Le port de Tianjin au moment de l'explosion.

Le port de Tianjin au moment de l’explosion.

 

Des centaines de personnes ont été blessées et au moins 88 ont été tués après une série d’ explosions massives ont eu lieu dans la ville portuaire chinoise de Tianjin au nord-est mercredi soir ,le 12 août 2015. Environ 75 miles au sud-est de Pékin, la ville est un centre majeur pour le raffinage du pétrole et de la pétrochimie.

Les explosions dramatiques survenus à un terminal maritime dans le quartier de Binhai de la ville, après des matériaux explosifs mis à feu dans un conteneur, le Quotidien du Peuple-Etat de fonctionner rapporté . La première explosion a eu lieu vers 23h30 heure locale, suivie par un plus gros environ 30 secondes plus tard. Plusieurs autres explosions se sont produites pendant les efforts de sauvetage.

 Les explosions enregistrées sur les équipements de tremblement de terre suivi. La première explosion a eu une magnitude de 2,3, l’équivalent de trois tonnes de TNT, selon le Centre du réseau sismique de Chine (lien en chinois). Le deuxième siège à 2,9, équivalent à 21 tonnes de l’explosif.
Plusieurs heures après l'explosion,la fumée et le feu continuaient toujours .

Plusieurs heures après l’explosion,la fumée et le feu continuaient toujours .

 

Des milliers de voitures détruites.

Des milliers de voitures détruites.

 Douze  pompiers furent tués en plus des 520 blessés civils.On continue de parler de plus de 100 morts…sans parler des personnes disparues.

 Le Conseil d’Etat a ordonné la suspension des efforts de lutte contre l’incendie en raison d’un manque de clarté sur les «marchandises dangereuses» dans l’entrepôt concerné. Une équipe de spécialistes chimiques (lien en chinois) sera déployée à la place.

La superficie  brûlée par les explosions mesures environ 20.000 mètres carrés, selon CCTV radiodiffuseur national (lien en chinois). Le gouvernement n’a pas fait de commentaires sur ce qui a causé l’explosion. Les reporters ont été déplacés à environ 10 kilomètres (6,2 miles) de la zone de l’explosion, parce que les bâtiments environnants sont  en train de s’effondrer.
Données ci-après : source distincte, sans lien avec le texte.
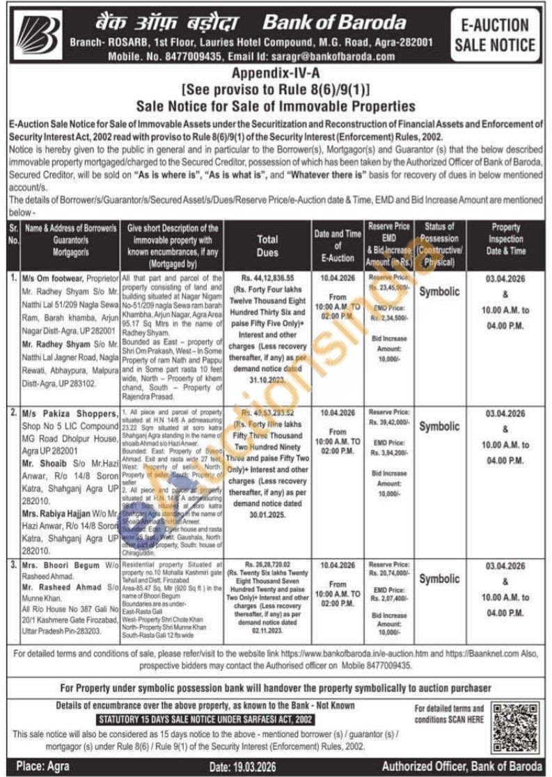 2. All piece and parcel of property situated at HN 14/8 A admeasuring 96.81 Som situated at soro katra Shahganj Agra standing in the name of Shoaib Ahmad S/o Hazi Anwer Bounded: East: Other house and rasta wide 25 feet, West Gaushala, North other part of property, South house

Les reporters disent que  l’air sent âcre  et les pompiers ont noté que l’eau sur le terrain est colorée (lien en chinois).
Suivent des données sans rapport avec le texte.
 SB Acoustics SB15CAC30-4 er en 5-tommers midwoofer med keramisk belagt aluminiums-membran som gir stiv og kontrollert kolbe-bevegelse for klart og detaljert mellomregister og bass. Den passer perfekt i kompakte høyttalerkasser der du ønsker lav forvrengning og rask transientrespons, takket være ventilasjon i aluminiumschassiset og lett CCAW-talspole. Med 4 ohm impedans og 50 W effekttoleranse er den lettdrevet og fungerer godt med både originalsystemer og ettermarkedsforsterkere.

Les explosions ont eu lieu dans un entrepôt de Ruihai International  Logistic au port de Dongjiang, qui représentait 70% (lien en chinois) des «marchandises dangereuses» de livraisons à Tianjin l’année dernière. Un site de l’entreprise , ne fonctionne plus, a déclaré l’entreprise a été créée en 2011 et est autorisé à transporter des marchandises dangereuses. Il dispose de 70 employés, les postes des revenus annuels de plus de 30 millions de yuans (4,7 millions de dollars), et peut traiter environ 1 million de tonnes de fret par an.

Face à une montagne de conteneurs soufflés par l'explosion,un homme portantun masque marche tranquillement.

Face à une montagne de conteneurs soufflés par l’explosion,un homme portantun masque marche tranquillement.

 

Une publication numérique financée par l’état chinois  a fait une liste (lien en chinois) des catégories de «marchandises dangereuses» stockées à Ruihai Logistic International, basée sur le site de la société:

  • Argon et gaz naturel comprimé
  • Liquides inflammables tels que de la butanone
  • Solides inflammables et auto-combustibles marchandises
  • Comburants et  agents
  • Produits toxiques, dont du cyanure de sodium
  • Produits corrosifs, y compris l’acide formique

 

En mars 2014, le gouvernement de Tianjin a organisé un exercice d’urgence (lien en chinois) sur les produits chimiques hautement toxiques et dangereuses chez Ruihai International Logistics. Une inspection gouvernementale entre novembre et décembre 2013 a signalé que cinq des plus de 4 300 conteneurs sur le site étaient mal fermés (lien en chinois).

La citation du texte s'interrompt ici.